In the light of Britain’s exit from the EU today, we reprint here a statement on the Scottish Left and the European Union that was adopted by the Scottish Socialist Party in the run-up to 2009 European election.

Voters who want an isolationist Britain will be spoiled for choice in the European elections on June 4th. On the far right, the BNP and UKIP both demand an independent Britain. Left of centre parties that want British withdrawal include Arthur Scargill’s Socialist Labour Party and the NO2EU Yes To Democracy coalition. While these four parties promote British independence, the Free Scotland Party campaigns for an independent Scotland outside the European Union.
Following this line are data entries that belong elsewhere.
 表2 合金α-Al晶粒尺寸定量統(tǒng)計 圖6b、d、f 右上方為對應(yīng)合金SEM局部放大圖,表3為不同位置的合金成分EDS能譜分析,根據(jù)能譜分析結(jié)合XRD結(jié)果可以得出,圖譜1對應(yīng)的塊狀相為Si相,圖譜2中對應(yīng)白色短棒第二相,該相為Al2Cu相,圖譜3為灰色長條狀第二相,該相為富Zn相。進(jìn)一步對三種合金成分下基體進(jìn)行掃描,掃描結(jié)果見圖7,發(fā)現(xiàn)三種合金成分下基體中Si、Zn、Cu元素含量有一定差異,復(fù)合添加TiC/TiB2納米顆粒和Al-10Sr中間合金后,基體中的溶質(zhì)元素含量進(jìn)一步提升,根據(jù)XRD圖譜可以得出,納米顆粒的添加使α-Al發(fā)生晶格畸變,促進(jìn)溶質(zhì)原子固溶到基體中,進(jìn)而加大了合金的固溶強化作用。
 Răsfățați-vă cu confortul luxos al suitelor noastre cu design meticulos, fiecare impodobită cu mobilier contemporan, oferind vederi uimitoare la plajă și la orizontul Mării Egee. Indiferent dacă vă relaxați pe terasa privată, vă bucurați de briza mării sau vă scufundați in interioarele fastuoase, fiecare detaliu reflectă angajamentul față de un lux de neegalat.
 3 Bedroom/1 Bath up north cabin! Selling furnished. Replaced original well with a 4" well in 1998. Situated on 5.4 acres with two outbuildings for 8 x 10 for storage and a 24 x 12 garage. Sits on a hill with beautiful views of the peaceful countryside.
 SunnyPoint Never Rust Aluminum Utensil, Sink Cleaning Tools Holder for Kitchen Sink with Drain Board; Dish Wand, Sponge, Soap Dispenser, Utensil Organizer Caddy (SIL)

What should be the attitude of Scottish socialists towards Europe? Should the left back British separatism? And does the ‘NO2EU Yes To Democracy’ represent a progressive step forward?
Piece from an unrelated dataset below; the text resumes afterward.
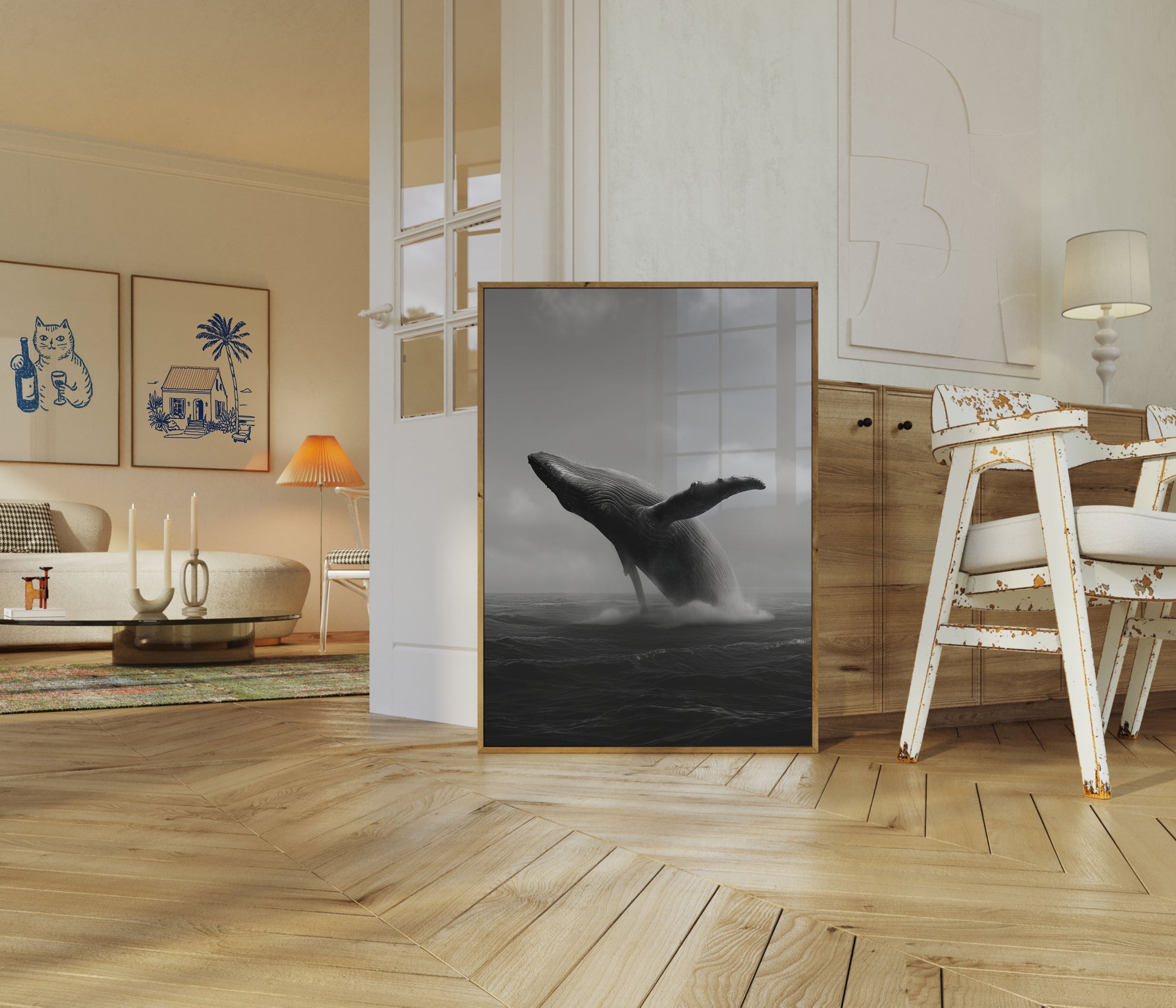 Majestatyczny Wieloryb Wyskakujący z Wody Plakat

The Scottish Socialist Party has always rejected the Union Jack-waving Europhobia of the Tory right. We are a pro-European party, and believe in working with progressive and left wing forces across Europe to resist and defy every directive and piece of legislation from Brussels or Strasbourg which damages the rights and conditions of working people.

For a people’s Europe

In the 2004 European election, the SSP manifesto argued for a social Europe, and pledged to fight alongside the wider European left for range of radical reforms, including:

  • A continent-wide minimum wage
  • A continent-wide minimum pension
  • A continent-wide wealth tax
  • A continent-wide minimum level of Corporation Tax
  • A nuclear free Europe
  • Tougher European Directives on carbon emissions, pollution and toxic chemicals
  • A Corporate Accountability Directive to force company directors to become accountable for the social and environmental impact of their business’s activities.
  • A European-wide publicly owned, intergrated, rail, bus and ferry network as a an efficient and inexpensive alternative to air travel
  • The replacement of the Common Agricultural Policy with a scheme that shifts the balance of farming subsidies towards subsistence farmers, crofters, organic farmers and other local producers.
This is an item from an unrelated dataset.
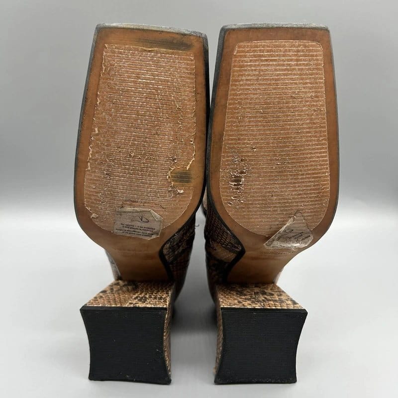 These Topshop ankle boots feature a snake print leather upper with a square toe and block heels. Designed for a bold fashion statement, they are perfect for adding an edgy touch to any outfit.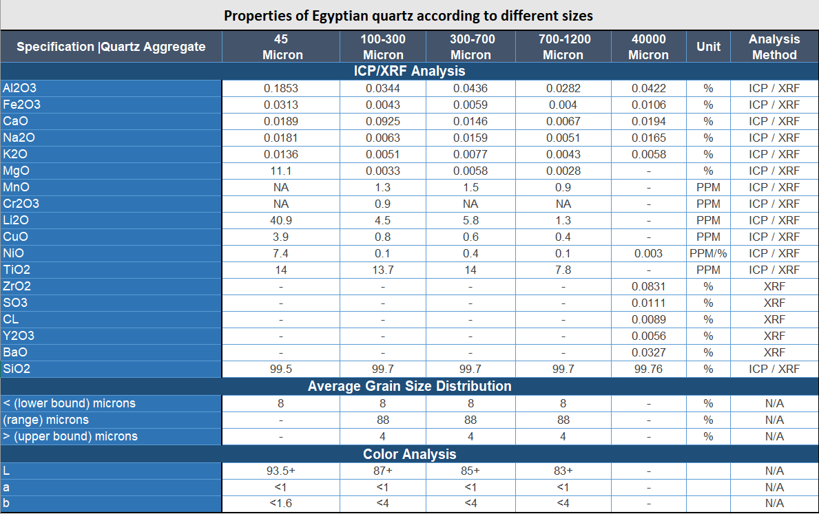 Quartz Exporting Company also provides quartz for other uses, like metallurgy, abrasives, and water filtration. We make sure our Egyptian quartz specifications for foundries meet the specific needs of these demanding processes.

At the same time, we were – and remain – highly critical of the top-down, bureaucratic structures of the European Union. Institutions like the European Commission are unelected and unaccountable. Under the guise of open competitive tendering, the Commission has driven forward a privatisation agenda, which now threatens the existence of Scotland’s publicly-owned, lifeline ferry company, Calmac. The Scottish Socialist Party believes that the Scottish Government should defy any European-driven initiatives to impose privatisation on any of Scotland’s public services.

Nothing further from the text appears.